Remember, you deserved punishment. Instead, God gave you what
He deserved, and EVERYTHING you have -- every breath -- is a
gift. Keep this in focus and you will become a thankful person.

(An extra bonus is that a thankful person is a happy person.)

HEBREWS 13:5 NIV
5 Keep your lives free from the love of money and be content
with what you have, because God has said, "Never will I leave
you; never will I forsake you."

What could be greater? Almighty God promises to always take
care of you! Never will you be forsaken! Never will you be left
facing life all alone! (You may feel forsaken, but it's a lie.)

A rewarding, satisfying, and fulfilling life does not depend on
being rich. Jesus is the one who told us, and He knows.

LUKE 12:15 LB
15 Beware! Don't always be wishing for what you don't have. For
real life and real living are not related to how rich we are."
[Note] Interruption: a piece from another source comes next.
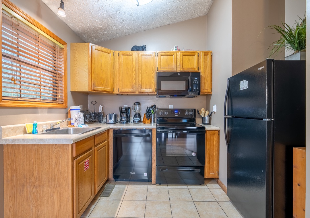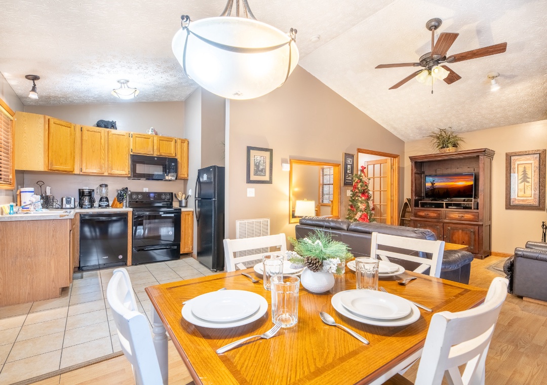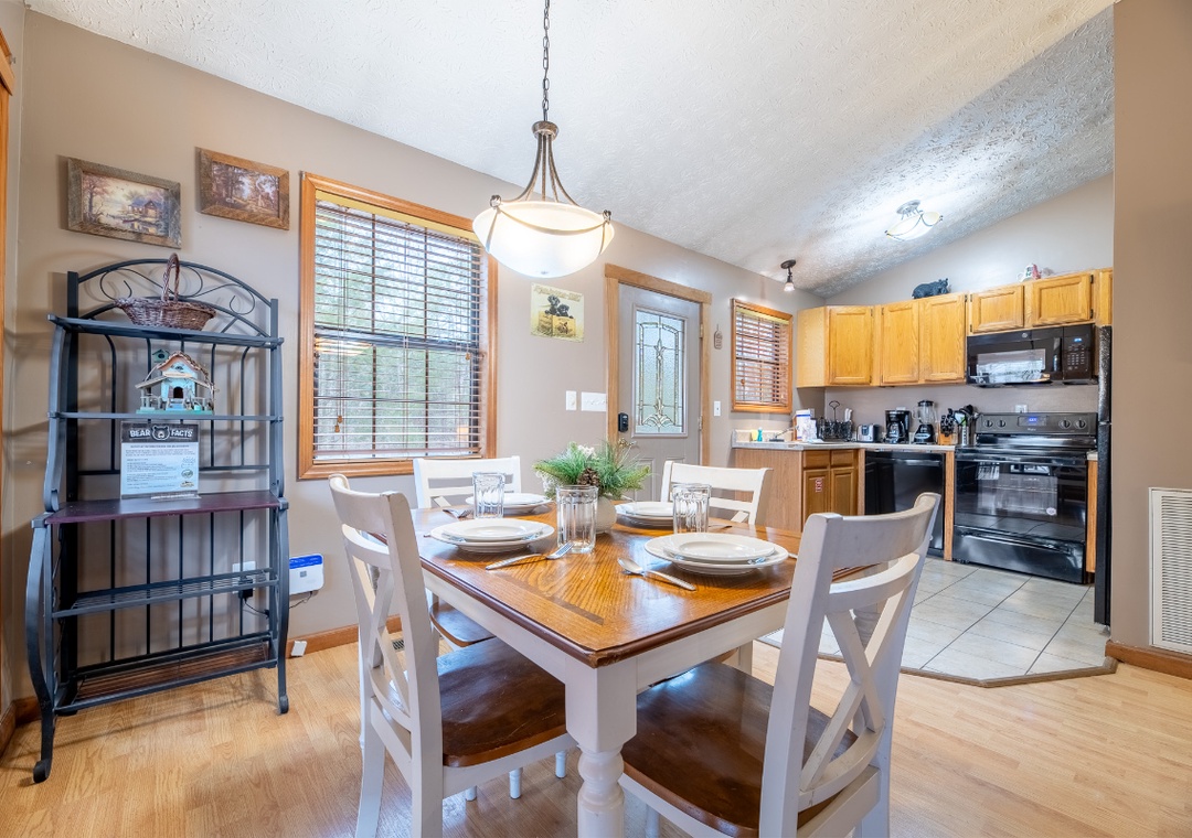 The fully-equipped kitchen boasts modern amenities, making it easy to prepare delicious meals for your family or friends. Well-appointed with a refrigerator, stove, microwave, and other kitchen appliances, perfect for making breakfast, lunch, or dinner throughout your stay! All pots, pans, glasses, plates, silverware, etc., are also there for you! Just steps away, the dining area provides a welcoming place to sit, savor, and connect.

SAY THIS: I will be thankful.


----------



## luv2fish (Mar 21, 2005)

I am standing on the "Solid Rock" Thank you Lord for keeping my feet there. Thanks for sharing those scriptures. I need it today.


----------



## allicat (May 20, 2004)

great post! there are times we just find ourselves in that "i want, i want" mode. thats when i take a step back and look around, and just appreciate all the blessing God has entrusted to me. 

trudy


----------



## Mrs Backlasher (Dec 19, 2004)

"In EVERYTHING [that means even the bad stuff!] give thanks, for this is the will of God in Christ Jesus concerning you." (I forgot the verse reference. Look it up, it's good practice, LOL.)

I once came across a list of things you can do to make yourself a happier person.

The first item on the list was:

"Cultivate an attitude of gratitude."

Your message for the day is an awesome one!


----------



## bambinosan (Feb 9, 2005)

Very nice message J. Thanks


----------